The community of Magalia dates to the mining and lumbering days of the 1850’s. It was an important stage stop on the Oroville-Susanville road and a supply and entertainment center for miners of the Butte Creek and West Branch canyons. The Magalia area is best known as the location of the largest gold nugget find which weighed in at 54 pounds.
Among the first settlers to the Magalia area was the Bassett family. Mrs. Bassett loved to raise dogs and sell them to the miners for companionship and security. The area was thus named Dogtown, an unofficial name before it was named Magalia.
Kimshew School, first school, was organized December 31, 1859.
Magalia was established November 14, 1861. The name Magalia is believed to have orginated from the spelling of Mahalas, a word used by indians of the area to designate their squaws. Others claim it is from the latin word meaning cottages, resembling the log cabins which dotted the hillside. Prior to the name of Magalia the Post Office was named Butte Mills.
It was one hundred years later November 17, 1961, Magalia received its official name from the United States Post Office. The post office has since been moved to the Paradise Pines area and the postal name Magalia retained.
Can’t miss this beautiful lake. Skyway runs along side. A PG&E group picnic area is on the right side. De Sabla was named after an early PG&E pioneer, Eugene De Sabla. Construction was completed in 1903. Beyond De Sabla is Powellton Road which joins Doe Mill Road taking you to Highway 32. If you’re an adventuresome type person you may want to try this route sometime. The area of the bridge crossing Butte Creek is popular. Built in 1935, the bridge offers an awesome view of Butte Creek. It is about 3 miles to the bridge from Skyway. Remember these roads are narrow, dirt or gravel, and at times rocky. Not to be traveled upon during winter without 4-wheel drive.
Continue on Coutolenc Road for about 2 1/2 miles turning left on Lucretia Road to Paradise Lake. This lake feeds water into Magalia Reservoir. Has picnicking area, fishing, and hiking. Along Coutolenc Road are acouple vista points where you can look out over the West Branch of the Feather River, Whiskey Flats, and views of Sawmill Peak.

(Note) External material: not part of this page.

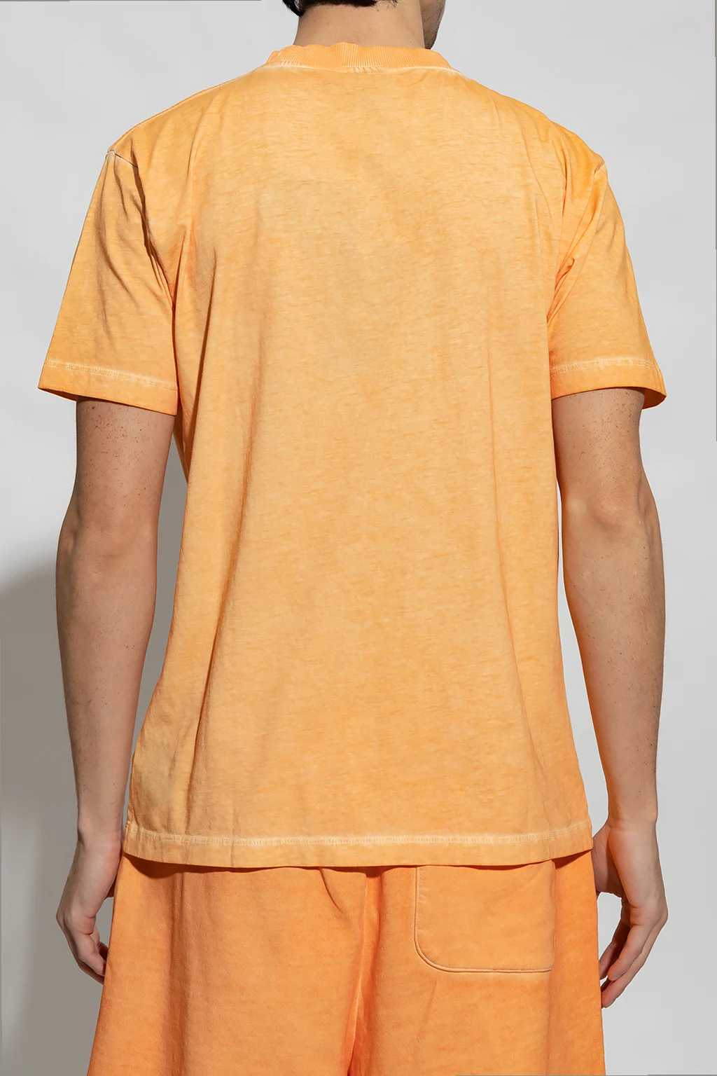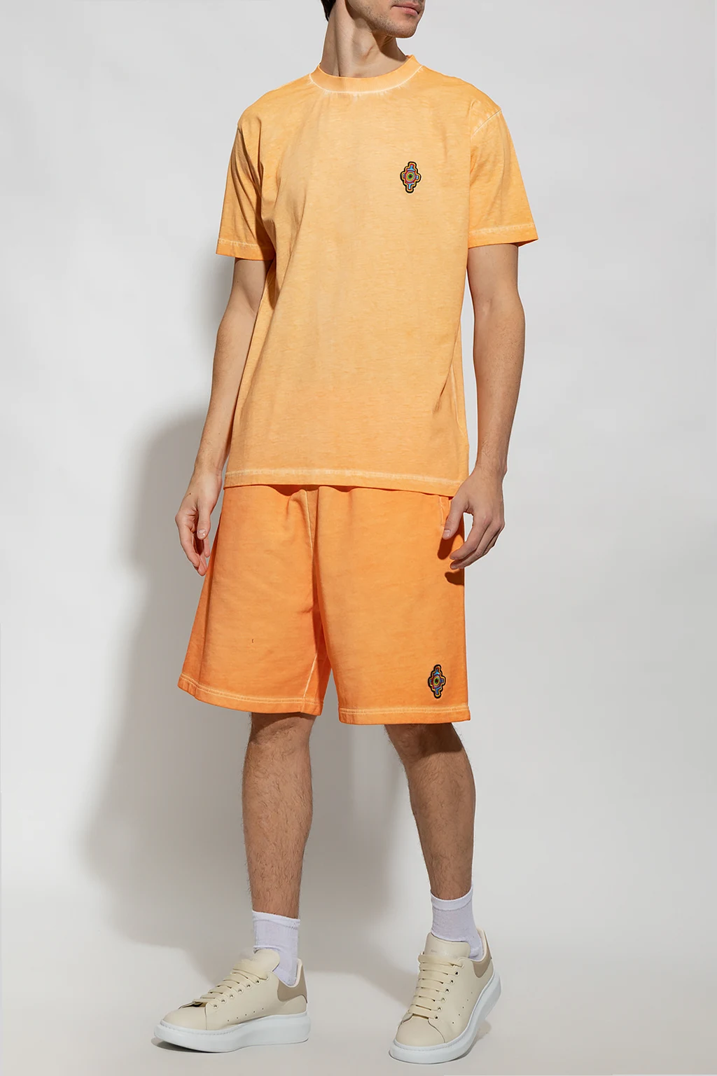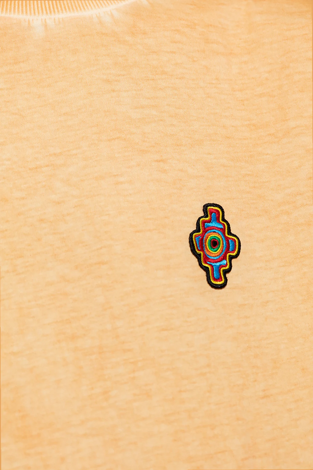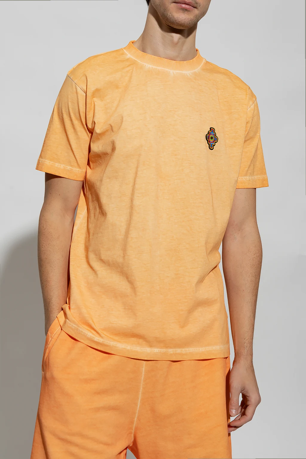 Orange T-shirt from Marcelo Burlon. Crafted from cotton, this short sleeve design features a multicolored logo patch and ribbed crew neck.
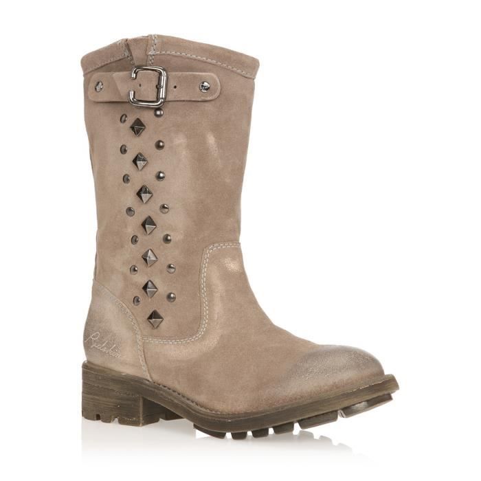 Bottes a la tige en cuir avec clous fantaisie sur le côté et boucle de serrage, coloris taupe.

Winding up the Skyway with towering pines bordering the road we pass through Lovelock. Established by George Lovelock in 1855, quartz and placer mining attracted miners here. The Lovelock Inn here is near the site of the old Lovelock Hotel, Store and Dance Hall which were operated by the Kitchen family. Leaving Lovelock, Skyway takes makes a gradual downhill grade, levels out then begins to twist uphill.
About 1 mile southeast of Lovelock, on Coutolenc Road is the site of Coutolenc which was Old Lovelock, a beautiful, secluded area in the pines. A hotel and stores were located here. The Nimshew Pioneer Cemetery is off Coutolenc on Hupp-Coutolenc Road, a gravel road. Go left up the private road just a short distance after turning off Coutolenc Road. Continuing Hupp-Coutolenc Road brings you back to the Skyway between De Sabla and Lovelock.